Material shown —
——————————

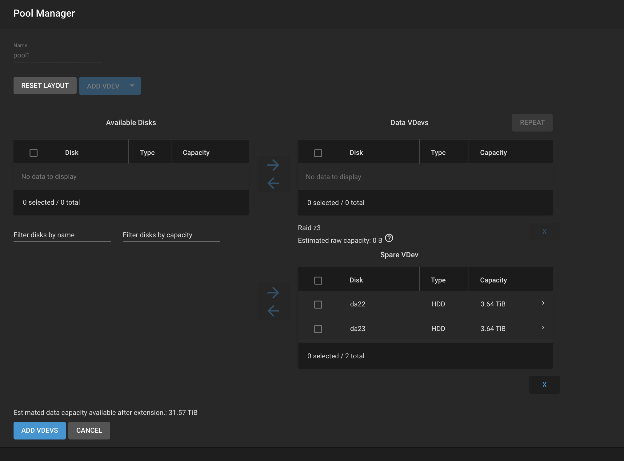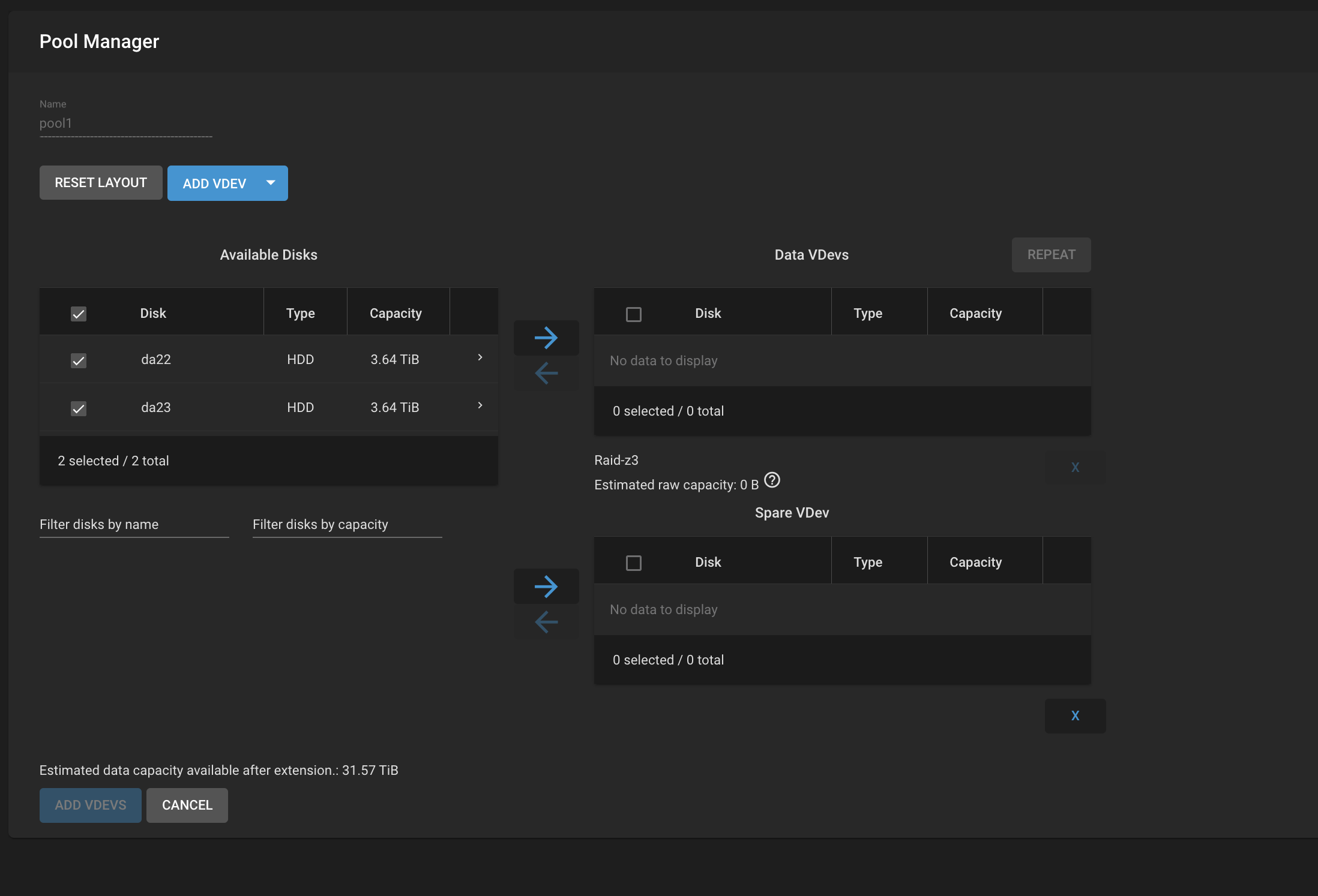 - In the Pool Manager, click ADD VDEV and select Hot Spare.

——————————

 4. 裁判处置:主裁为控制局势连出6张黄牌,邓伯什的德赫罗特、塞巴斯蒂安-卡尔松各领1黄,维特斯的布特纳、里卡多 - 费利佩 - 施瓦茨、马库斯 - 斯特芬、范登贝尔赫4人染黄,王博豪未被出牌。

——————————

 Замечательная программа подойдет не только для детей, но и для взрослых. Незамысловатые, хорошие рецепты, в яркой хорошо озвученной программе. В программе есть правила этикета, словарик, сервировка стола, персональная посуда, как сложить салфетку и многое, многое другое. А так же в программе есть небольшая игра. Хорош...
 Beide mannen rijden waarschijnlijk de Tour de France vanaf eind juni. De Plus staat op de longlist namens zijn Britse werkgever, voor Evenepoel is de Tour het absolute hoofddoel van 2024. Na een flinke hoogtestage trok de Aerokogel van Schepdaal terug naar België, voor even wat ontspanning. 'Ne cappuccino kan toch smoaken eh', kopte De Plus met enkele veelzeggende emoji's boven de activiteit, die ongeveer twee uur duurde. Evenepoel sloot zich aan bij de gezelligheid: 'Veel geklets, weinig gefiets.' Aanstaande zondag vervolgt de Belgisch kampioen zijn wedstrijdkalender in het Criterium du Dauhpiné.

——————————

Work task —
Looking at the entries above, can you reproduce exactly the lines from the one that holds "Замечательная программа подойдет" through the one that holds "Beide mannen rijden", and only those?

Task answer —
 Замечательная программа подойдет не только для детей, но и для взрослых. Незамысловатые, хорошие рецепты, в яркой хорошо озвученной программе. В программе есть правила этикета, словарик, сервировка стола, персональная посуда, как сложить салфетку и многое, многое другое. А так же в программе есть небольшая игра. Хорош...
 Beide mannen rijden waarschijnlijk de Tour de France vanaf eind juni. De Plus staat op de longlist namens zijn Britse werkgever, voor Evenepoel is de Tour het absolute hoofddoel van 2024. Na een flinke hoogtestage trok de Aerokogel van Schepdaal terug naar België, voor even wat ontspanning. 'Ne cappuccino kan toch smoaken eh', kopte De Plus met enkele veelzeggende emoji's boven de activiteit, die ongeveer twee uur duurde. Evenepoel sloot zich aan bij de gezelligheid: 'Veel geklets, weinig gefiets.' Aanstaande zondag vervolgt de Belgisch kampioen zijn wedstrijdkalender in het Criterium du Dauhpiné.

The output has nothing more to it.